When you log back in, use the same user account you used to run the reg commands above - that way the HKCU (HKey_Current_User) registry changes will still apply. This time when you search the Control Panel for “bitlocker”, you should see BitLocker Drive Encryption in the results.

You should also now be able to execute manage-bde successfully from a command prompt.

It is always possible that endpoint protection or other software blocks access to one or both of these tools as well. If you can get access to one but not the other, no big deal - they can both be used to decrypt the drive.

Optional Step 4: Retrieve the BitLocker Recovery Key

Like the heading says, this step is optional. All the BitLocker installations I have seen that are configured to use the system’s TPM have had a recovery key that can be used to decrypt the drive without access to the TPM. This key allows you to mount the hard drive (or the encrypted image you created in Step 1) offline or to boot it on different hardware among other things.

Run the following commands in an elevated command prompt to retrieve the recovery key. The first command will display the key on screen, and the second command saves it to a text file.

manage-bde -protectors c: -get

manage-bde -protectors c: -get > recovery-key.txt

Here’s an example of what the output from both commands looked like on my machine. Although I’ve obfuscated the recovery key and other potentially identifying information in this example, the “Password” section is where the recovery key is displayed.
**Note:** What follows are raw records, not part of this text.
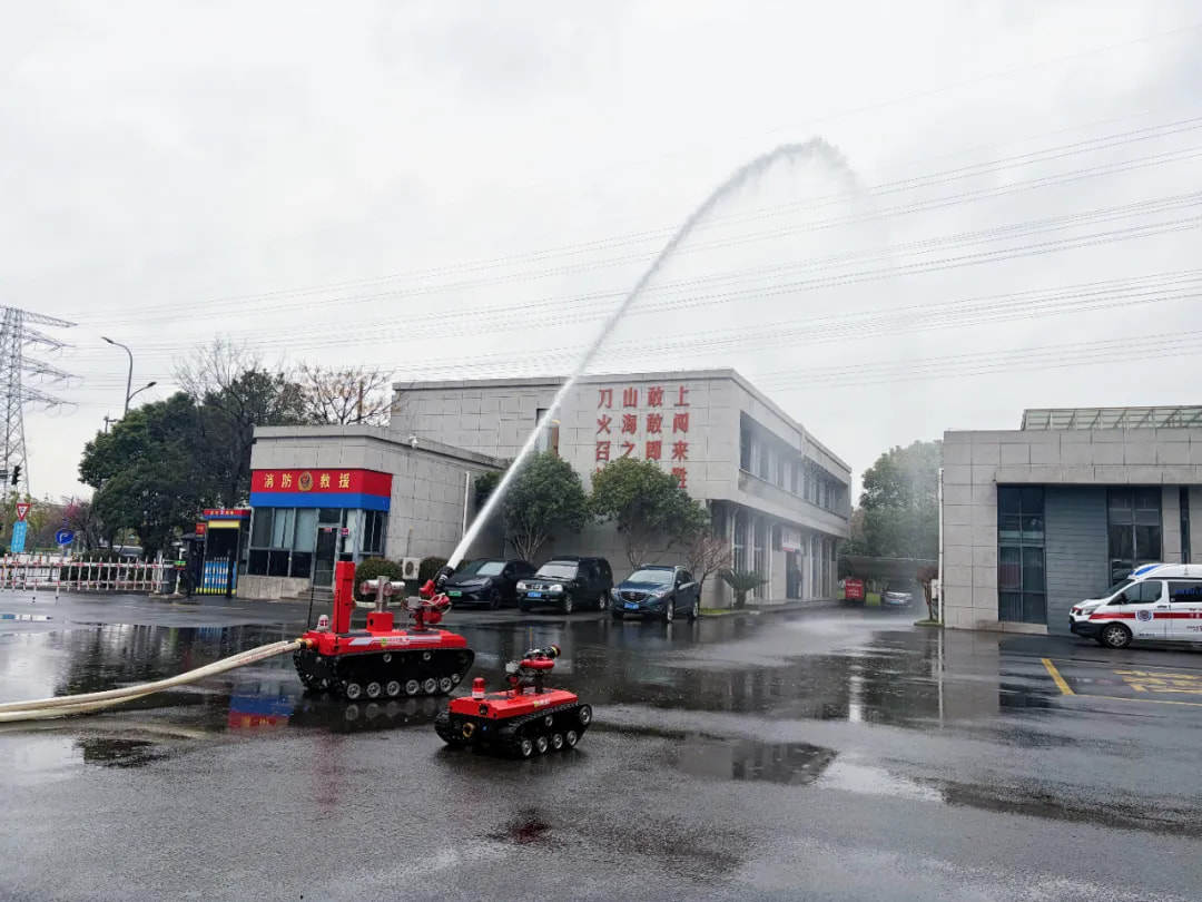 活动现场,奔野重工自主研发的消防履带式灭火机器人重磅亮相,开展实战化演示。这台集侦察、灭火、气体探测于一体的智能装备,凭借强劲动力与稳定操控,在现场完成精准行进、水炮喷射等科目,远距离射程与高扬程喷射效果震撼全场,充分展现“科技消防、智慧救援” 的硬核实力。
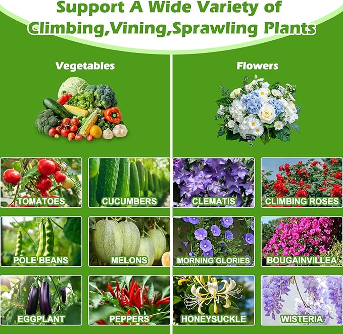 - Rustproof Steel Frame to Last Through Seasons: Crafted from heavy-duty, powder-coated steel, this trellis is rust-resistant and weatherproof, ensuring it stands tall through sun, wind, and rain. Unlike wooden trellises that may rot or plastic frames that warp, this metal structure offers lasting durability for year-round use
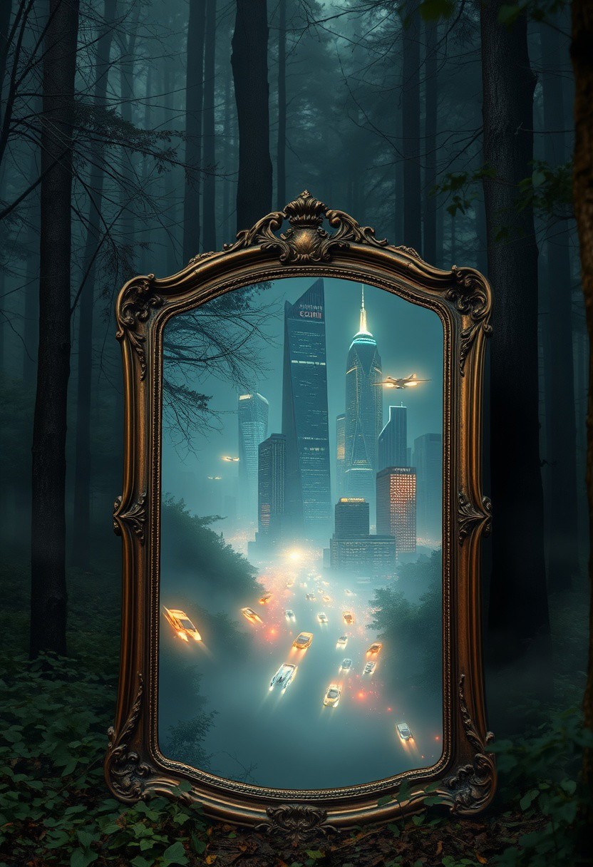 A freestanding, antique mirror sits in a dense, foggy forest, (but instead of reflecting the forest, it shows an entirely different world:1.4). Inside the mirror, a futuristic cityscape with flying vehicles and glowing skyscrapers pulses with life.Hyperrealistic glass textures, intricate alternate realities, and dramatic atmospheric effects.

Step 5: Decrypt the hard drive

To decrypt the hard drive, you can use either the manage-bde command or the BitLocker Drive Encryption tools in the control panel. The first command below will begin the decryption process, and the second command will show its progress.

manage-bde -off c:

manage-bde -status

Here’s a screenshot of these commands in action:

To use the BitLocker Drive Encryption tools in the Control Panel instead of using the manage-bde command, just click the “Turn off BitLocker” option next to the drive you want to decrypt. You’ll be prompted to confirm that you want to turn off BitLocker, and then the process will begin.

Once the decryption process is complete, it will be reflected in the output of the status command or in the BitLocker Drive Encryption GUI. Examples of each are shown below.

Now you can access the drive as you would any decrypted drive. You can also repeat Step 1 if you want to create an image of the unencrypted drive that you can use for other purposes.

Step 6: Returning the drive to its original state

When you’re done accessing the drive in its decrypted state, you can return it to its original state and remove all traces of your actions by writing the original, encrypted image back to the hard drive. To do this, you’ll boot from your live Linux media again and repeat the process outlined in Step 1 until you get to the dd command. To restore the orignal image back to the disk, you’ll swap the input file and output file arguments in the command from Step 1 like so:

dd if=/mnt/encrypted-hdd-backup.img of=/dev/nvme0n1 bs=10M status=progress

Remember to replace /dev/nvme0n1 with the location of the target disk on your system. Once execution of this command completes, you can poweroff the live Linux system, restore the target computer’s original BIOS settings, and boot back into Windows as though nothing ever happened.